__INFORMATION PROVIDED__:
============
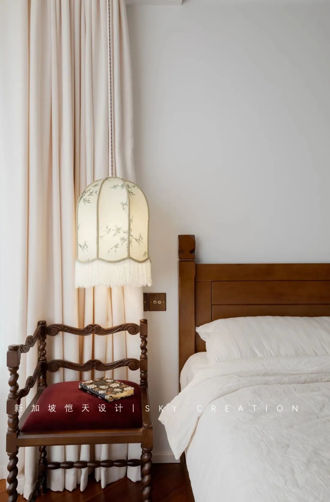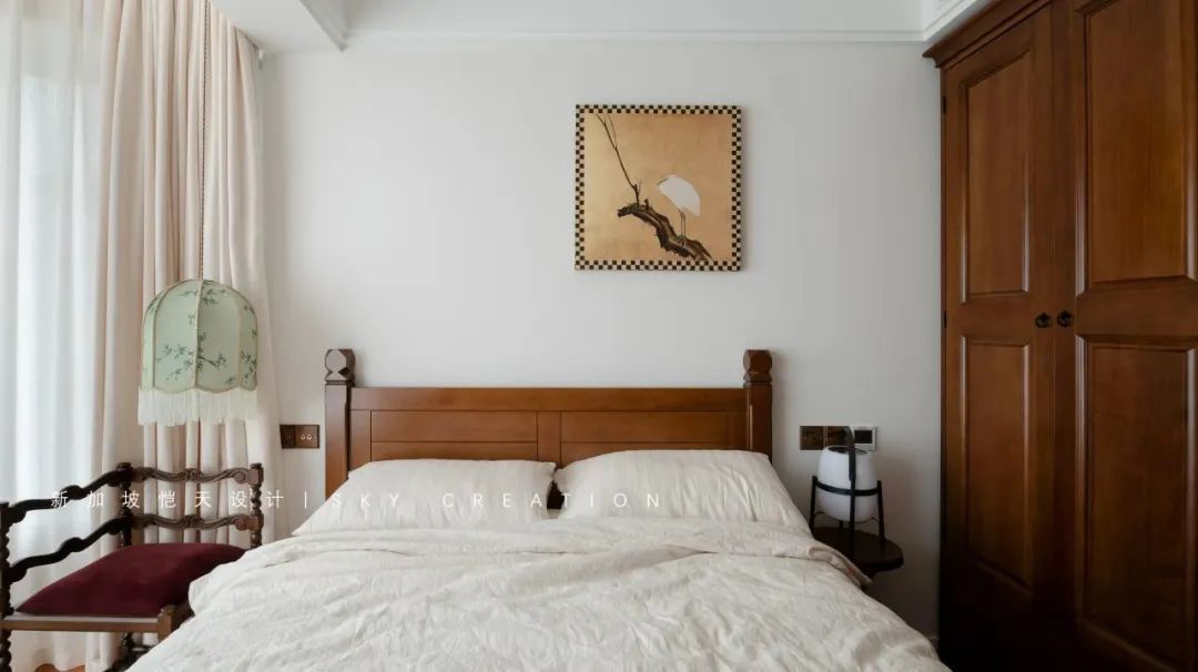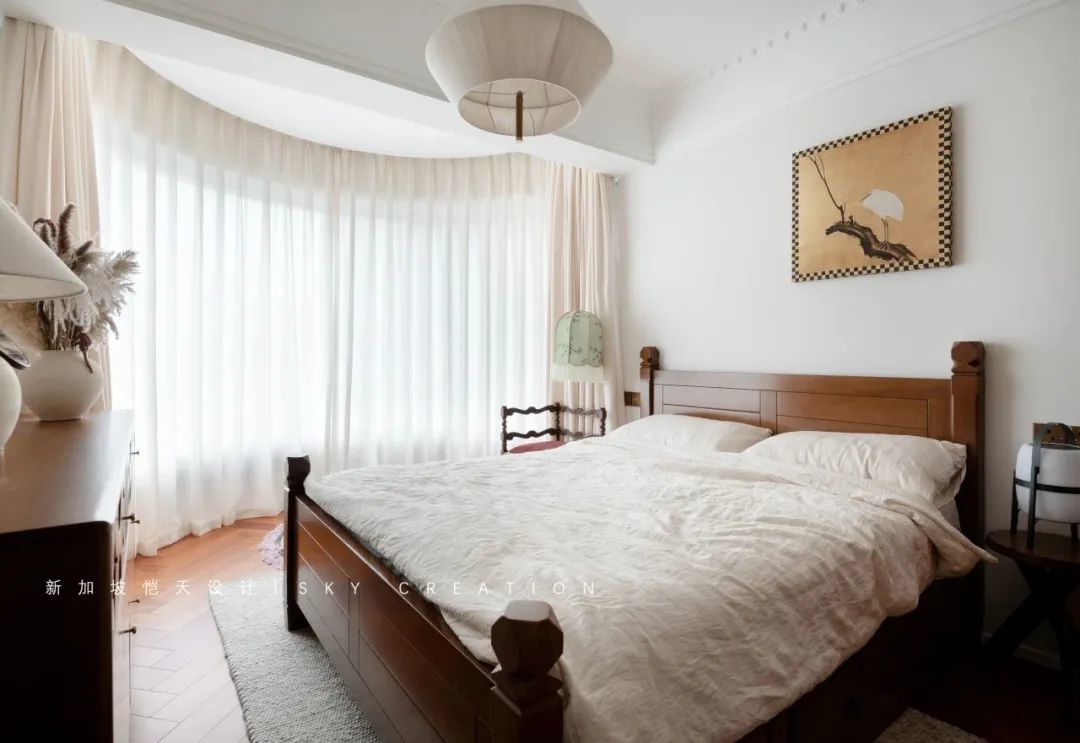 自带温柔滤镜的暮云纱帘和室内的中古调相应,营造出静谧舒适又清雅的睡眠空间。
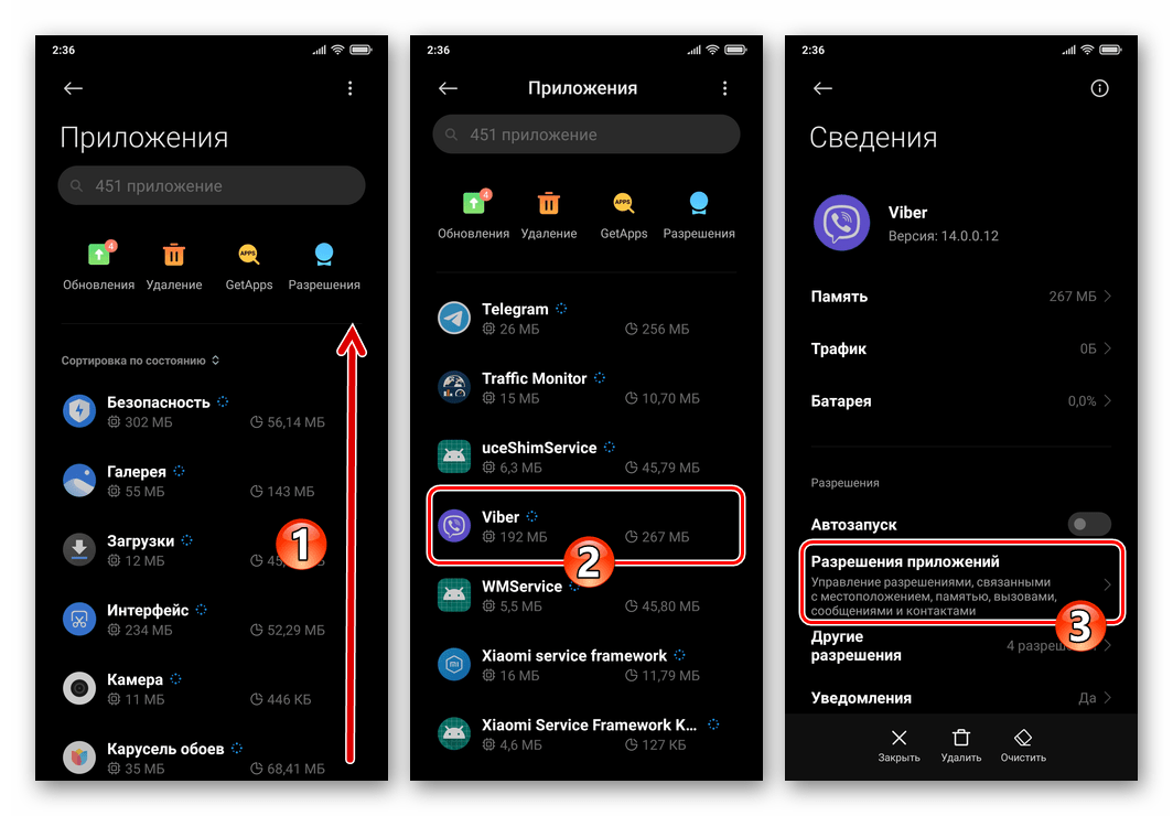 Найдите «Viber» среди программного обеспечения, установленного на вашем устройстве, нажмите на его название. На появившемся экране «Подробности» перейдите к «Разрешения для приложений».
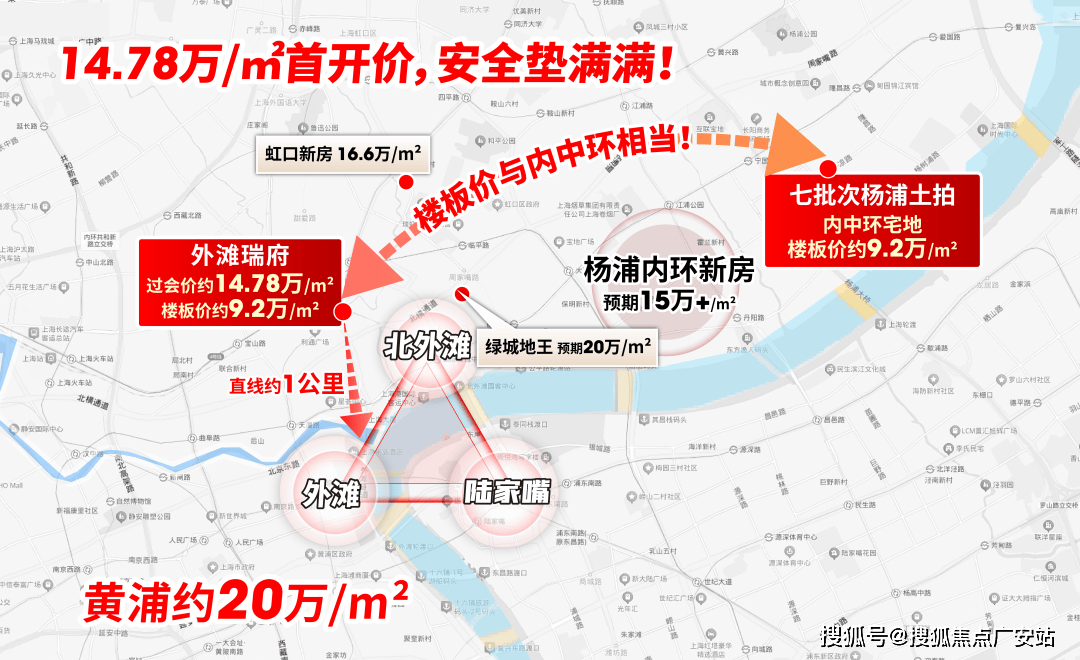 值得关注的是,上海七批次土拍中,杨浦内中环宅地的楼板价已达约9.2万/㎡——这一价格,与外滩瑞府楼板价相当!
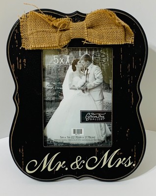 Mr Mrs Wooden Photo Frame Distressed W Burlap Bow 5 X 7 Inch
============
__EXERCISE__: Starting at the line above with "программного обеспечения, установленного", output every line exactly up to and including the line with "值得关注的是,上海七批次土拍", but none of the pictures.

__SOLUTION TO THIS PROBLEM__:
 Найдите «Viber» среди программного обеспечения, установленного на вашем устройстве, нажмите на его название. На появившемся экране «Подробности» перейдите к «Разрешения для приложений».
 值得关注的是,上海七批次土拍中,杨浦内中环宅地的楼板价已达约9.2万/㎡——这一价格,与外滩瑞府楼板价相当!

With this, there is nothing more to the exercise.